A EMPREGADA DOMÉSTICA

- Num tenho nada cum a cunversa não. Mas tô veno qui tudo aqui tá pareceno “Bom Bril”: tão inrolado, qui ninguém sabe onde o fio cumeça e onde termina!3


A MÃE

- Ninguém está pedindo a você opinião. Se já “arrumou” tudo, pode ir descansar os "cambitos", ou arruar. Um pouco de liberdade, e a corda vai longe. É isso que acontece. Gente intrometida!...


OUTRA FILHA

- Enquanto vocês estavam discutindo, eu estava pensando numa coisa: este negócio de família está ficando mesmo complicado. Aqui em casa, principalmente. É incrível: tudo parece depender de dinheiro, e vocês...


O PAI (prosseguindo, no lavatório)

- Dinheiro!... Já vem você também falar em dinheiro! Todo mundo já estava esquecendo, e agora vai começar de novo a novela. Ah! se vai! Querem saber de uma coisa?
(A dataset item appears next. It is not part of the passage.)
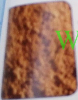
الدلك على الأرض
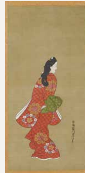
国宝 菱川師宣「見返り美人図」 高精細複製画(部分)

料金 : 一般1,000円、 高校生等500円、 中学生以下は無料 ※身体障害者手帳、療育手帳、精神障害者保健福祉手帳提示者とその介護者1人は半額(高校生等は無料)

Com este Natal magrelo, esquelético, de terceiro mundo, o melhor que faço é “cair nos braços do Morfeu”. Natal é só hoje, e amanhã quem vai enfrentar o batente sou eu. Por falar em Natal...


O PAI (voltando-se do lavatório)

- Uai! Onde estão vocês? Ah! já foram ver baboseiras ou coisa semelhante! E eu fiquei aqui, no banheiro, feito bobo, falando para as paredes, como retardado!... Outro Natal virá, cambada, vocês me pagam! O Ano Novo também está chegando. Vocês não perdem por esperar!


1 - Referência à nota de R$50,00

2 - População atualizada em 2017, de acordo com relatório da ONU

3 - Linguagem usada não com preconceito, mas num contexto mais antigo, quando se notava pouca escolaridade das domésticas. 

 Nota: Alguém poderá objetar que esse texto foge um pouco do objetivo do site. Eu diria que não, por causa do sentido também religioso que se esconde nele. Eu mesmo conheci famílias vivendo os aspectos negativos no texto existentes, fora também das festas natalinas. Finalmente, o texto pode ser entendido como um "teatrinho" familiar.